To paraphrase our submission, if a poor provider is able to get and maintain registration and they have no ‘competitive advantage’ based on quality training, student experience and outcomes, then they will look to cut corners - through shorter courses or, slashing prices. Mandating minimum durations might respond to issues with a particular qualification, but it’s important we have regulatory regime that helps prevent these issues arising in the first place. Otherwise we repeat the past where the whole sector pays the price for the behaviour of a few.

That’s why the current review of the National VET Regulator Act is so important. We need a regulatory framework that prevents poor providers entering the market (or exits them quickly) and recognizes and encourages quality providers.

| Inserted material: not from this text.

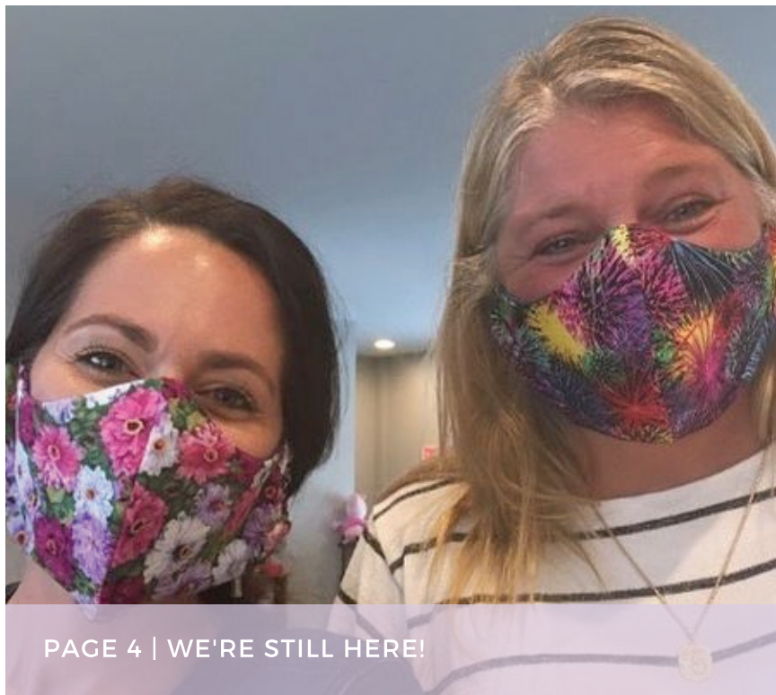
PAGE 4 | WE'RE STILL HERE!

Yes, that element is important – regulation must be about building quality not just compliance.

We need to get the fundamentals right.

Of course, the other core issue that needs to be addressed to support stronger quality outcomes is the governance and funding ‘shemozzle’ that bedevils the tertiary sector. As regular NMU readers will know, ACPET has long advocated for an overhaul of the governance and funding mishmash posed by the different Commonwealth and state and territory arrangements. The recent announcement by Labor of an inquiry into post-secondary sector, if elected to government, responds to this need to sort out the fundamental governance and funding architecture.

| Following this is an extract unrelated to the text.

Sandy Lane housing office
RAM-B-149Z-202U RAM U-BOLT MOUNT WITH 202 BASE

But that depends on an election outcome and it would most likely take several years to implement reforms - and frankly the need for action is now and needs to be significant.

Peter Noonan at the Mitchell Institute voiced the need for urgent action only last week when he highlighted the need for major reform to stop the slide in funding and training occurring right now as a result of state and territory cut-backs. To quote Peter, “Incremental change is a waste of time, particularly in VET”.

ACPET will continue to advocate its members views on the many and varied consultations, but let’s not forget the main game.